L’Orientation lacanienne 2008-2009
Jacques-Alain Miller
Choses de finesse en psychanalyse
XIX
Cours du 3 juin 2009
La jouissance nest pas transgression. La jouissance, telle que je l’aborde dans la perspective du
dernier enseignement de Lacan, n’est pas – à la difrence de ce qui est exposé dans L’Ethique de
la psychanalyse et qui en constitue le pivot –, la jouissance n’est pas une transgression. Je
pourrais aller jusqu’à dire que c’est, tout au contraire, un fonctionnement normal, et non pas
bizarre, exceptionnel.
Certes, il y a un Lacan, il y a un enseignement de Lacan parmi d’autres, parce que Lacan est
multiple, parce que Lacan, oserais-je dire, n’est pas tout – il y a un Lacan qui expose le concept
de jouissance à partir de celui du plaisir.
Le concept du plaisir dont il prend son départ est celui qui a conditionné la théorie du plaisir à
travers les âges. C’est le concept aristotélicien du plaisir, qui en fait le nom d’un état de bien-
être.
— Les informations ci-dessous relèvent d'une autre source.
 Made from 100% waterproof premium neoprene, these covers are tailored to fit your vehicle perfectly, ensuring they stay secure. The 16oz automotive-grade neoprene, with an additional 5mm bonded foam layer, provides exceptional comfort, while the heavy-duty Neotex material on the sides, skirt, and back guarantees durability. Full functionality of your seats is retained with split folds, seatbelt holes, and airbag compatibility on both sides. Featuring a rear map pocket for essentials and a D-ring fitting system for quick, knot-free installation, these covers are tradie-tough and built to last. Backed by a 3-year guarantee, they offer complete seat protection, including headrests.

Ce bien-être, on le retrouve encore de nos jours comme intégré à la définition de la santé par
l’OMS, cette Organisation mondiale de la Santé qui veille par exemple à nous protéger de ces
pandémies que l’état de la civilisation facilite par le développement de l’industrie des transports.
Cette industrie est si essentielle que lorsqu’un petit symptôme apparaît, qu’un avion fait plouf au
milieu de l’Atlantique, ça devient une information mondiale. Ainsi devient manifeste cette
unification progressive d’une humanité en voie de faire Un, un tout, et d’autant plus attachée à
son bien-être que celui de chacun apparaît comme la condition de celui de tous.
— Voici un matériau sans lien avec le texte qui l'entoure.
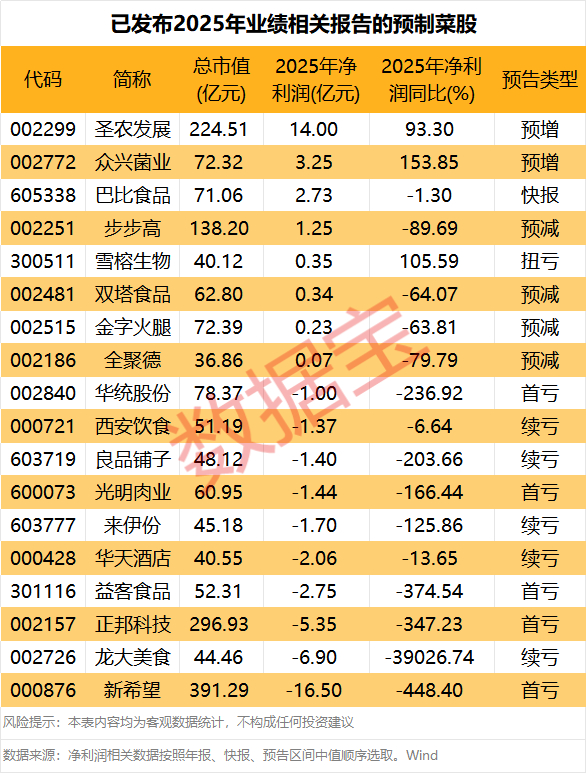 据证券时报·数据宝统计,截至2月6日,已有18只预制菜概念股发布2025年业绩报告。以快报数据或预告中值统计,圣农发展、众兴菌业、巴比食品、步步高净利润规模在1亿元以上,依次为14亿元、3.25亿元、2.73亿元、1.25亿元。

Si on prend comme référence l’état de bien-être et les ajustements des valeurs fonctionnelles
qu’il comporte, que j’ai déjà représentés ici par une boucle symbolisant la régulation du plaisir,
que l’on a, de toujours, attaché à une moyenne – ni trop, ni pas assez, juste ce qu’il faut –, la
jouissance apparaît comme une transgression, apparaît connotée d’un en-plus, d’une valeur
supplémentaire, résultant d’un forçage, et où le plus vire facilement au trop. Le plus-de-plaisir
communique avec le début de la souffrance – avec l’équivoque des cris, qui peuvent, chez l’être
parlant, scander cette irruption.
Ce fonctionnement, vous le trouvez exposé par Lacan par exemple dans – je cite de mémoire – le
chapitre V du Séminaire XI, où la régulation du plaisir est qualifiée d’homéostase, ce mot
d’homéostase qui a été promu en 1920 par le physiologiste Cannon qui en a apporté le concept.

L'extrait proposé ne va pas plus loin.